He looked at his watch.
“I got an hour before I need to be in Meadow Glen, let’s get to it.”
Derry was going to follow up with the security company that installed both Lauren’s and Bailey Joe’s systems, before joining Sonny and Jessie on patrol.
Cutter would be pulling extra hours, overseeing prisoner transport to court with Deputy Evans, another part-timer.
“The council meeting has been moved to tomorrow, Sheriff,” Audrey informed him. “The mayor will suddenly be out of town for a week, and he wanted to push it up for sooner than later.”
Santiago gritted his teeth. Time constrictions were squeezing him from all directions; but he wouldn’t regret taking his day off and spending it with Lauren.
The change in the meeting though, likely meant Lauren wouldn’t have the time she needed to prepare and present her findings to the community and the council.
It wasn’t really a secret, but he had to wonder if the mayor found out he’d hired Lauren to do a forensic audit; wondered if that was the real reason the meeting was changed.
He took a breath, rolled his shoulders, and donned his sunglasses.
“Roan and I will be meeting with the prosecuting and defense attorneys before appearing in court.
“Copy that,” everyone said, standing or gathering their belongings.
The front door opened, and Lauren walked into the space looking shifty and scratching her arms and neck like she’d developed a virulent rash.
She walked toward him in twitchy jerky movements, sidling up to him and leaning in like she was gonna tell him a secret, eyes darting around at every one in his staff as they watched her.
“Say man say,” she whispered loudly, scratching at the skin of her inner elbow. She sniffed and pretended to wipe her nose. “Talk on the mountain is you got that 3x’s—S’s. I’m in a bad way, man, I need a fix. I’ll do anything, man.”
Santiago frowned at her; then understanding dawned.
He threw back his head, laughing from deep in his gut. Lauren started laughing alongside him, doubling over and pressing her weight against him as he wiped tears from his eyes.
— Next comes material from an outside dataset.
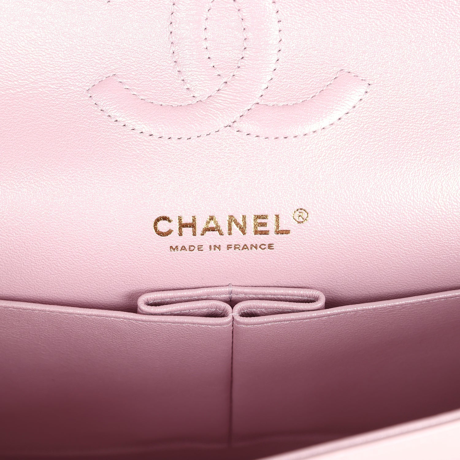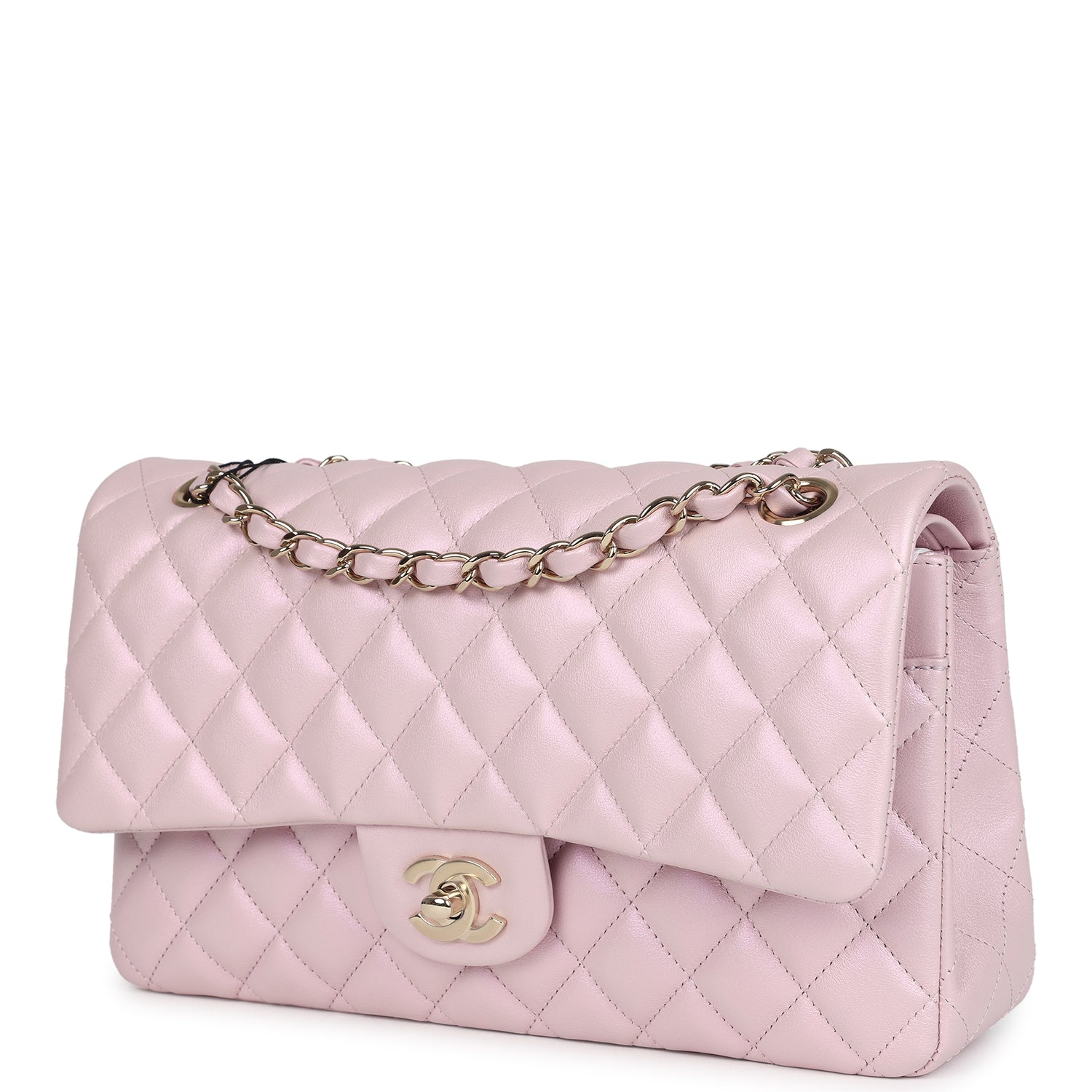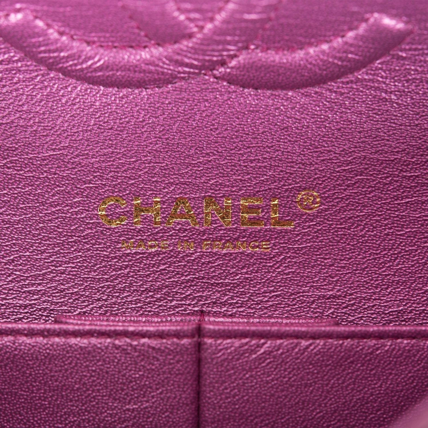Chanel Medium Classic Double Flap Bag Purple Iridescent Lambskin Light Gold Hardware

“Get your crazy ass out of my station! Better yet, you’re coming with me and Roan. It’s the only way I can make sure you stay out of trouble,” he said kissing her quickly, then smacking her ass.
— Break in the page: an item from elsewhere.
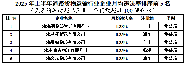 集装箱运输超限企业(车辆数超过100辆):半年度月均违法率为0.15%,高于月均违法率的有18家企业,其中违法率排名前3名企业为:上海海润物流发展有限公司(1.38%);上海滨拓储运有限公司(0.33%);上海徽冠物流有限公司(0.33%)

“What the hell has been going on up there on that lake?” Cutter frowned.
“If you gotta ask, your decades in this department have been wasted,” Roan said with derision.
“He’s been eating cake,” Sonny added.
“Looks like he’s been eating more than that,” Audrey muttered.
“Audrey!” Lauren gasped. It was fake. So fake.
“Yeah.” Derry snorted. “Even I can see what’s been brewing between them.”
“I know damn well I’m not the only one who didn’t see this coming.” Cutter frowned.
“Roan, pull your car around, we’ll meet you out there.”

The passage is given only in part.